In a society that puts profit before people, it’s hard not to feel broken-hearted. Landlords split friends, nuclear families isolate parents, bosses burn out workers. But fear not – Red Flags is here to tend to your troubled hearts.
In Novara Media’s anti-capitalist anti-advice column, resident therapist Sophie K Rosa marries their ongoing training in psychoanalysis with ideas from their book, Radical Intimacy, to respond to your questions. Unlike other agony aunts, Sophie doesn’t claim to have all the answers, but they could help you unlock new ways of thinking.
To submit a dilemma to Sophie, please fill out this form.
Dear Sophie,
I dated a guy for around 6 weeks over Christmas last year. We had been on each other’s radar for years through social media and because we live quite near to one another. We finally met in early December and started to date quite intensely.
Then, around mid January, he went totally silent on me out of the blue. We had even planned to go on holiday together, and since this “silent treatment” – or whatever it is – I’ve been pretty devastated and confused emotionally. It really has hit me hard, especially since I’ve struggled with depression and anxiety in the past.

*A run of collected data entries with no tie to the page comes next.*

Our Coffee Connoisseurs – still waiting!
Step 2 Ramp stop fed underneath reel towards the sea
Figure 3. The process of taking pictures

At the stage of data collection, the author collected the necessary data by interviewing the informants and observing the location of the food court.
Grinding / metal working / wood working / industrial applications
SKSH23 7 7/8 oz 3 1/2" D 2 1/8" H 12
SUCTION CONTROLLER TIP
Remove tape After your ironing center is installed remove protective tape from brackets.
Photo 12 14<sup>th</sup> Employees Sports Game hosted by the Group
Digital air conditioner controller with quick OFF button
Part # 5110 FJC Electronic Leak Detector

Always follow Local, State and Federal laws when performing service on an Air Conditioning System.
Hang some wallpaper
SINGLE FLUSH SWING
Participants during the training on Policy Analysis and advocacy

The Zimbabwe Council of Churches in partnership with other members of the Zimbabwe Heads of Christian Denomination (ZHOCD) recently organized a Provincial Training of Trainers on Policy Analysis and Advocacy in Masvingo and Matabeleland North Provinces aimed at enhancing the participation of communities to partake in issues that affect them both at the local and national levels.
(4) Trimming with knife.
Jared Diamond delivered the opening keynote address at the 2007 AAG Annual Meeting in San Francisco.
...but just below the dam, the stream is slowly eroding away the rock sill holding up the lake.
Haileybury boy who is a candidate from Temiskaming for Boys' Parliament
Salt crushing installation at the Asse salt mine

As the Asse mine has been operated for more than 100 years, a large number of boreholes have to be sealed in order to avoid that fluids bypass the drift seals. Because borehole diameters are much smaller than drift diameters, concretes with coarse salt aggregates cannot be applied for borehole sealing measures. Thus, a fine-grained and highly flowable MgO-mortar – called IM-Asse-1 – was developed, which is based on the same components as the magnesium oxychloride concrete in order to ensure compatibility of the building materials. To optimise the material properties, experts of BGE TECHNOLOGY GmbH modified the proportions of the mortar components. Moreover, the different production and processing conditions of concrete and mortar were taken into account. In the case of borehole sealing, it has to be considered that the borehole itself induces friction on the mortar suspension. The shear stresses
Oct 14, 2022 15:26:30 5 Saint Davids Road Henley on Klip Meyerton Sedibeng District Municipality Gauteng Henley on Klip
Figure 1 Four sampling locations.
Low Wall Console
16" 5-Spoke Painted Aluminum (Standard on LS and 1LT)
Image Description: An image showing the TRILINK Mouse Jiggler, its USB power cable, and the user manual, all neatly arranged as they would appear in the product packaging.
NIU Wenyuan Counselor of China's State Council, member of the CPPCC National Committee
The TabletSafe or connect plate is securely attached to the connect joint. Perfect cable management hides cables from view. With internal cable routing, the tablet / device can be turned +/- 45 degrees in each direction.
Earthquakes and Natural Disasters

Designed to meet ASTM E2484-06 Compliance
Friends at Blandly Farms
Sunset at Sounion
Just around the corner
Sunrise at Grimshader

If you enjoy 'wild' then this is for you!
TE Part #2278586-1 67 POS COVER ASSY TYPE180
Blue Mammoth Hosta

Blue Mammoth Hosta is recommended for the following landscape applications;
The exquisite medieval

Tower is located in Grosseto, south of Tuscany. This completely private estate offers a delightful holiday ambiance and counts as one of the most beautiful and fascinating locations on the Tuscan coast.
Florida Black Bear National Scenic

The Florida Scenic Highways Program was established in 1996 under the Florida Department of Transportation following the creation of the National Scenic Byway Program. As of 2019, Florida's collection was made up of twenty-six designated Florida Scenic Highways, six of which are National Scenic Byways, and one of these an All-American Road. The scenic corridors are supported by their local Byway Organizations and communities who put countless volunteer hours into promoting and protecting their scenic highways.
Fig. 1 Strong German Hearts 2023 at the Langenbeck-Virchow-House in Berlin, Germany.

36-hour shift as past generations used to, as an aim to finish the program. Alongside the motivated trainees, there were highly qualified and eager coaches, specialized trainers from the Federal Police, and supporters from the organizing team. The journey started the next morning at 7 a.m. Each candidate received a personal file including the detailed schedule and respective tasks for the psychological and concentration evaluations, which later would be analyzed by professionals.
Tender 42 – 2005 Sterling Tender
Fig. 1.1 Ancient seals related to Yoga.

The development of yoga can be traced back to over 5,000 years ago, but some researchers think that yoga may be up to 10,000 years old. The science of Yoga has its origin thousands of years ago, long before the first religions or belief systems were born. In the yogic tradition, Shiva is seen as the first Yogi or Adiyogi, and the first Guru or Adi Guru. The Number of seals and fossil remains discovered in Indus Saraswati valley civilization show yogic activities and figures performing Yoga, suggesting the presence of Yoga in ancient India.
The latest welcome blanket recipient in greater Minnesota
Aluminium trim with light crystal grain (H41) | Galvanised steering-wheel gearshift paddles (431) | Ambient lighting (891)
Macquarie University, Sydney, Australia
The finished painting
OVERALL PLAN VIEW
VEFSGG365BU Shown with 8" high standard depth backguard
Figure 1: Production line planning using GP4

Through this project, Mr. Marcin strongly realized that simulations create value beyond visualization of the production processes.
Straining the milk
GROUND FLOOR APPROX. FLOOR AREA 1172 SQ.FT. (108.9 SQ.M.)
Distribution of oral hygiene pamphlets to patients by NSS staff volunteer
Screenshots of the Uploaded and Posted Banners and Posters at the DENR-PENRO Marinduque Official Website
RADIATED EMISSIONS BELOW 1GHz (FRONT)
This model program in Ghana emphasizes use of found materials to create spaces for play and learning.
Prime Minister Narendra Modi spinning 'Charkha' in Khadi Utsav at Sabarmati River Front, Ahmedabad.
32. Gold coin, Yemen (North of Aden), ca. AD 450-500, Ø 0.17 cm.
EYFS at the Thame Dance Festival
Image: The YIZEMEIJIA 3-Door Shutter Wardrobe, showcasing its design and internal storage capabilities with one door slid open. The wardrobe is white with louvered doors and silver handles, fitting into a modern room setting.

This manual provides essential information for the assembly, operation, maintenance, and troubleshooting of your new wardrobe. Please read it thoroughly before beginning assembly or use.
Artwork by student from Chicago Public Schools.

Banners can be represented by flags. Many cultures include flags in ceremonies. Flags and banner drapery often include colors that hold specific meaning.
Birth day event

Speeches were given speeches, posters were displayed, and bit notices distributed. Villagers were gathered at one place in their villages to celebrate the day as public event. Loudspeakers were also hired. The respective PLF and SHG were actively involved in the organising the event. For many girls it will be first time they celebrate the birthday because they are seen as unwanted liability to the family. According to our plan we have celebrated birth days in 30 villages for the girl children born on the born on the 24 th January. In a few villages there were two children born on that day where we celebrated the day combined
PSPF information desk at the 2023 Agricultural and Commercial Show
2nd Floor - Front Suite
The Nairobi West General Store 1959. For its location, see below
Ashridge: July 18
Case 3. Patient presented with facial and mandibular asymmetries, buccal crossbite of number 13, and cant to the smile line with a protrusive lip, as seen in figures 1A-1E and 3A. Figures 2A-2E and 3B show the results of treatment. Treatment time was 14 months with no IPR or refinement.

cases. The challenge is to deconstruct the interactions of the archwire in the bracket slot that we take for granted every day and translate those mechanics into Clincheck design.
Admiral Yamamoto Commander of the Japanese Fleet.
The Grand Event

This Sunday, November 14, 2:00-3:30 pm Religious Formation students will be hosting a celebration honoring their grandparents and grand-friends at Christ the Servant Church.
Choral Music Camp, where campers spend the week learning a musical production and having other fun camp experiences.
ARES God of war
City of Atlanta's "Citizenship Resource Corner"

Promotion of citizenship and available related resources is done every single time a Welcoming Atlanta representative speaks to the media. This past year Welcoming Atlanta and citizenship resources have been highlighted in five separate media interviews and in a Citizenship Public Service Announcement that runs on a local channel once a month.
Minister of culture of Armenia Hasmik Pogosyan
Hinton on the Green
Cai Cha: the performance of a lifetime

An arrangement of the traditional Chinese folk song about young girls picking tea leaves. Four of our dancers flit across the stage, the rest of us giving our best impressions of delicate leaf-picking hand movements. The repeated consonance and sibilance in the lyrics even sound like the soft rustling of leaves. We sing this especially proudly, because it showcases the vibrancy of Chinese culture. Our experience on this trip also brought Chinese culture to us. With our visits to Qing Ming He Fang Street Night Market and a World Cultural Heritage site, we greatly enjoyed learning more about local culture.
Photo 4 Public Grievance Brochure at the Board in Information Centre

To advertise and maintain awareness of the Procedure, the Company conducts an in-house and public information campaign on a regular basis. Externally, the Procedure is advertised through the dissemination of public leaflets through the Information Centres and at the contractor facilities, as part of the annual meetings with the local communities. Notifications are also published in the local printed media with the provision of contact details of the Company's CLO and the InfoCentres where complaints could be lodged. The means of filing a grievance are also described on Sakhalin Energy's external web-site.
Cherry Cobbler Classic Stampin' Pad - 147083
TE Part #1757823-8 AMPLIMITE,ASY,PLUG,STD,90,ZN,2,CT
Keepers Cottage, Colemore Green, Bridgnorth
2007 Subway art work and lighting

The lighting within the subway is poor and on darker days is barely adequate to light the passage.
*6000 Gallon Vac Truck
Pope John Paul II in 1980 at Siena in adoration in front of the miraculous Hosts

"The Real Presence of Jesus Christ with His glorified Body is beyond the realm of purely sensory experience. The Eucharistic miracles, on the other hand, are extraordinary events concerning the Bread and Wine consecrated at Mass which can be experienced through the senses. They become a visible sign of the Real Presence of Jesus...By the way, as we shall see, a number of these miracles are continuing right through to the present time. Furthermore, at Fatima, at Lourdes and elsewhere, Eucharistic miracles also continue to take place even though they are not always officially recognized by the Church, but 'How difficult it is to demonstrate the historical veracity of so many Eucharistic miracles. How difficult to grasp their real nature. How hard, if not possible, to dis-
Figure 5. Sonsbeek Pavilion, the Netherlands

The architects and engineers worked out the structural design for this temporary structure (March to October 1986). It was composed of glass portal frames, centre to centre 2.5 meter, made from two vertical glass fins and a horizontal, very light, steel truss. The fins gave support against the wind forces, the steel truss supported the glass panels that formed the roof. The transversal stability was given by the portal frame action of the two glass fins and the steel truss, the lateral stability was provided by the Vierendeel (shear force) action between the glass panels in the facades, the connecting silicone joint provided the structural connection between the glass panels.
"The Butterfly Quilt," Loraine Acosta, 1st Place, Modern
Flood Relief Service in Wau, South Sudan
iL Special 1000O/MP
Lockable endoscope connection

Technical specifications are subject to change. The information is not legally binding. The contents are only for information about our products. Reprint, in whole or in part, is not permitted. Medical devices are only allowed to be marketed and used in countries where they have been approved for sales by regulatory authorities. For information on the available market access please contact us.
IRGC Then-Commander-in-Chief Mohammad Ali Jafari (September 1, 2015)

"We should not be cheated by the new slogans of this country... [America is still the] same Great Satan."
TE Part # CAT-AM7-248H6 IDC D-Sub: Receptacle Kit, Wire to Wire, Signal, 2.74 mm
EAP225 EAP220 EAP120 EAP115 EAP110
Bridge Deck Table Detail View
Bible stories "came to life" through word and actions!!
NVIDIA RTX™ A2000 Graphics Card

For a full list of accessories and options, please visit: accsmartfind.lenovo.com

Of course, I’ve suspected that he has quite narcissistic traits, and as a way to understand his actions I have been researching narcissistic behaviour a lot since he cut me out. I can’t help feeling, however, that he might also just have ADHD. Perhaps he felt this was something he needed to hide from me and so he withdrew emotionally? I know this sounds like I’m scrabbling for a more convenient diagnosis, but he mentioned that he thinks he ‘is very ADHD’ and lots of his behaviour suggests this.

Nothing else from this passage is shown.